記事のポイント
- 長崎県大村市は、同性カップルの「事実婚」を受理した
- 「事実婚」は社会保険や年金で法律婚と同等の権利を享受することができる
- 当事者のカップルは「ほかの自治体にも波及するのでは」と期待感を表した
長崎県大村市はこのほど、同性カップルの事実婚を受理した。事実婚が認められれば、社会保険や年金で法律婚と同等の権利を享受することができるようになる。当事者であるカップルは28日に会見を行い、「今後、ほかの自治体にも同様の取り組みが波及するのでは」と期待感を表した。(オルタナ編集部・萩原 哲郎)

全国の自治体で同性カップルのパートナーシップ制度は広がりを見せているが、今回の事実婚の受理は極めて珍しい。
法律婚は戸籍上の夫婦である婚姻を指す。この場合、一方が亡くなった場合の相続権や所得税の配偶者控除などが認められる。
一方で「事実婚」は戸籍上の婚姻関係にないが事実上の婚姻と同様の状態にあることを指す。事実婚は役所への届け出は必要ないが、役所に申し立てることによって住民票に「夫(未届)」「妻(未届)」と記載することができる。
法律婚と異なって相続権などは認められていないものの、健康保険の扶養家族や国民年金の第3号被保険者などは事実婚でも認められている。

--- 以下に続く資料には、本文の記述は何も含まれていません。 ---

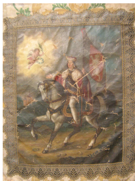
OBR 41 B - SV VÁCLAV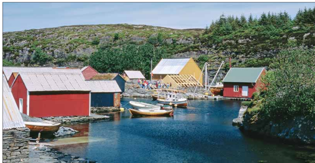
Kulturvern er ei sak for lokalsamfunnet, ein del av det lokale miljøarbeidet. Restaurering av sjøbruksmiljøet i Ovågen, Øygarden. Bilete frå 1990-talet

Eit museum som også viser dette, er KYSTMUSÉET i Øygarden. Det hentar fram kvardagssoga i dei små fiskarsamfunna mot Nordsjøen, i eit karrig og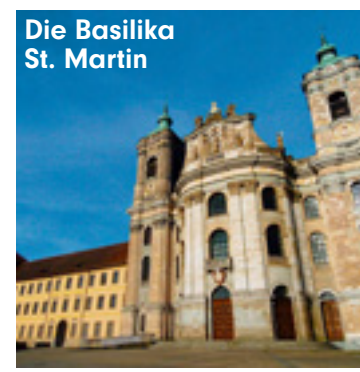
Die Basilika St. Martin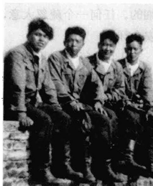
三个学生与教员（左一）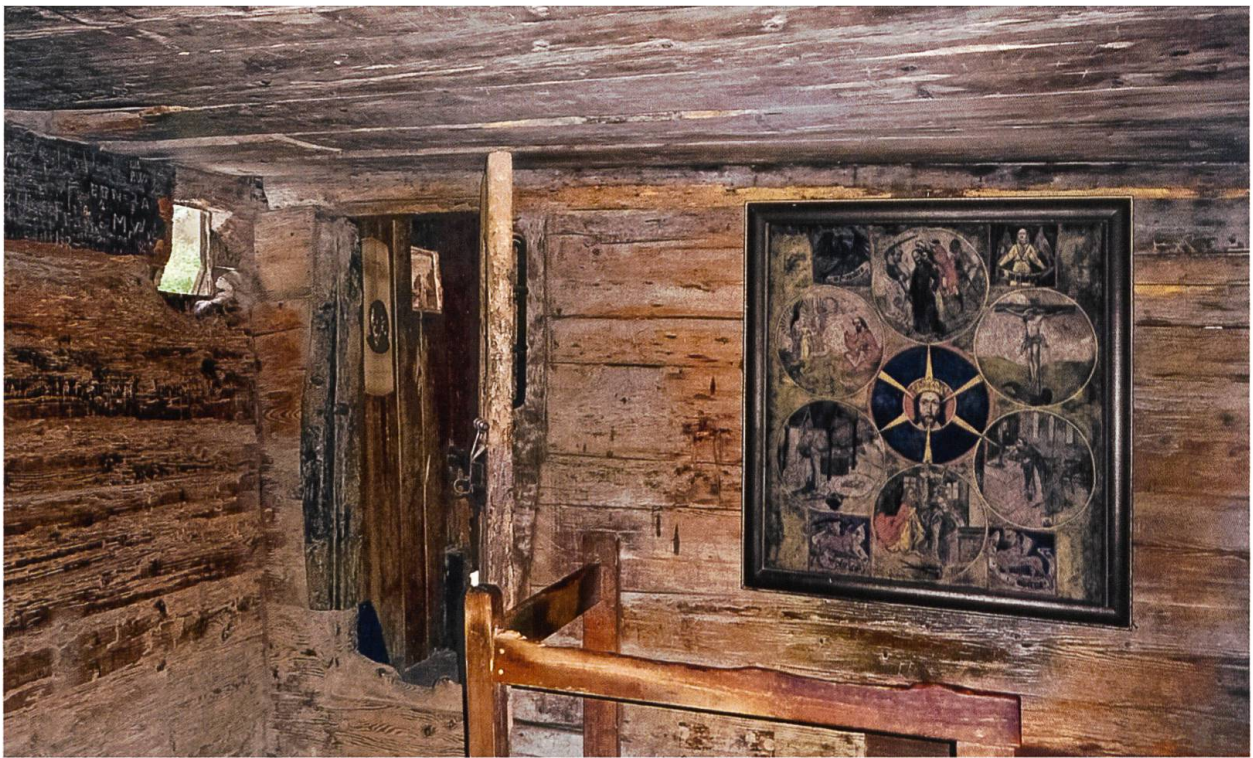
Meditationsbild des hl. Bruder Klaus in seiner Klaufe im Ranft.

te Gottes mit den Menschen, die aber zugleich mit den sogenannten leiblichen Werken der Barmherzigkeit verknüpft sind. Oben links fängt es an mit der Schöpfung und mit dem Hinweis auf Brot und Kanne, die an das Werk erinnern, Hungrige zu speisen und Durstige zu tränken. Darunter die Geburt Christi aus Maria; die dabei liegenden Wanderstab und Reisetasche deuten auf das Werk, Fremde zu beherbergen. Dann die Verkündigung an Maria durch den Engel; die Krücken verweisen auf das Werk, Kranke zu besuchen. Der das heilige Messopfer feiernde Priester, dahinter eine Totenbahre, deutet auf das Gebet für die Verstorbenen hin und auf das gute Werk, Tote zu begraben. Bei der Kreuzigung Jesu hat man ihn seiner Kleider beraubt; das dabei liegende Kleid verweist auf das Wort Jesu, Nackte zu bekleiden. Zuoberst, über dem gekrönten Antlitz Christi, ist die Szene mit dem Verrat des Judas und der Gefangennahme Jesu dargestellt, und die dabei liegende Fessel erinnert an die Weisung, zu Unrecht Gefangene zu befreien. Es sind also hier mit den biblischen Szenen Bezüge hergestellt zu den praktischen Anweisungen, wovon Jesu im Gleichnis vom Weltgericht (Mt 25, 31–

今回認められた松浦慶太さん・藤山裕太郎さんが事実婚を申し出たきっかけは、遠方への就職時にハローワークから支給される「移転費」だった。「家族の有無で移転費の支給額も変わってくる、私の場合も認められるのではないかと考えた」(松浦氏)。それを証明するために、事実婚を大村市役所に申し出たという。
市は届け出を受けて協議。このほど、認められることになった。松浦さんは「今まで書類に『夫』と書いてもらえたことなはく嬉しい、寄り添った配慮をしていただいた」と喜ぶ。藤山さんも「前例のない先進的な対応をしてもらった」と話し、「ほかの自治体でも同じような対応が増えていくのでは」と期待感を示した。
今年3月に最高裁は、同性カップルでも犯罪被害者給付金を給付できるとの判断を示した。同性カップルの事実婚の受理は、こういった流れを後押ししそうだ。